Five months since you left...
I’ve just hit the fifth month without Ben, and I’ll
be honest, I thought by now I’d be a bit further on with my 'grief journey'….
When I’m fact, I’m probably right at the beginning.
I’m writing this after two days of continuous crying, and when I
say continuous, I mean probably three hours of one day when I wasn’t crying and an
hour of the other day. I don’t think I’ve cried like that once in the whole
five months since Ben has been gone.
Grieving during lock down has been anything but normal. I’ve been
distracted by this absolute craziness we’ve all been living for the past few
months. I’ve been distracted by being a mum, teacher, caretaker, dinner lady..
And that’s just the kids.. I’m carer for my dad, who at times has found this
extremely difficult. On days I can get up to 11 phone calls a day from him..
I’ve exercised every single weekday with my friend via FaceTime. I’ve not
stopped…and I've also not worked, until last week when I made that step forward by returning to work. I’ve been in an actual bubble.
At times that bubble has been hell, for many reasons, but one is
that I’ve been unable to leave the house with so so so many wonderful, happy
memories, that are now just that. A memory. They won’t happen again, and I
can’t laugh and reminisce with that person about them.
It’s also a
house with Ben’s toothbrush still sitting next to mine, a house with the
emptiest, coldest bed, where I snuggle up to the jumper he wore the last night
I saw him, that just about still smells of him; alongside the t shirt that was
sent back from Hamburg that he was last wearing; and a pillow covered in
pictures of me and Ben smiling, loving life and each other. They are what I
snuggle up to now instead of the man that used to laugh with about how cold I
always am and how he’d always be there to warm me up - same way I’d cool
him down with my ice-cold feet, which we’d say was another reason we were made
for each other. I was the cold ying to his hot yang.

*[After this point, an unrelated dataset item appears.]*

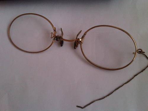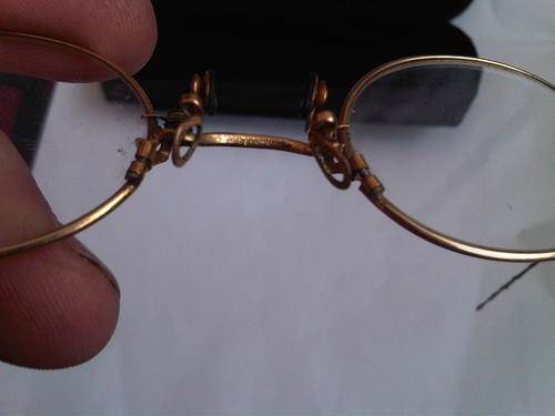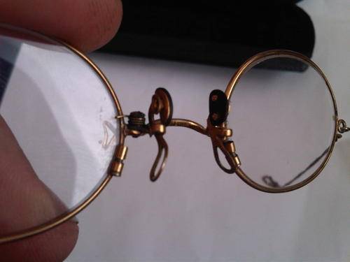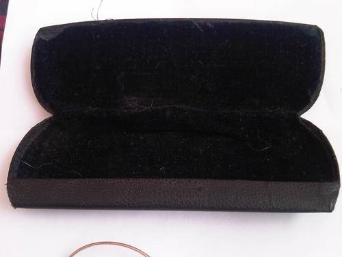 Exquisite glasses with a small chain on the side.this optical pare is in great condition. They have ( FIIS-U ) printed on the bend that goes over the nose. It is gold tone metal and has its own case, it is 10cm long and 3cm wide. The case is 11,5cm long and 4cm eide and 1.5cm thick. the glasses are flat and seem to have little help for the eyes but that just shows how old this is.

I know in the previous posts I have spoken about Ben and what he felt.
But this post I started out with the desire to give you insight into being the one that is
left behind. But I realised yesterday during the tears and physical pain that
it covers both, my pain and Ben's pain. In my first post I said that when
someone ends their life, they don’t end the suffering, they pass it to someone
else, well now I can put that into words for you to emphasise it even more.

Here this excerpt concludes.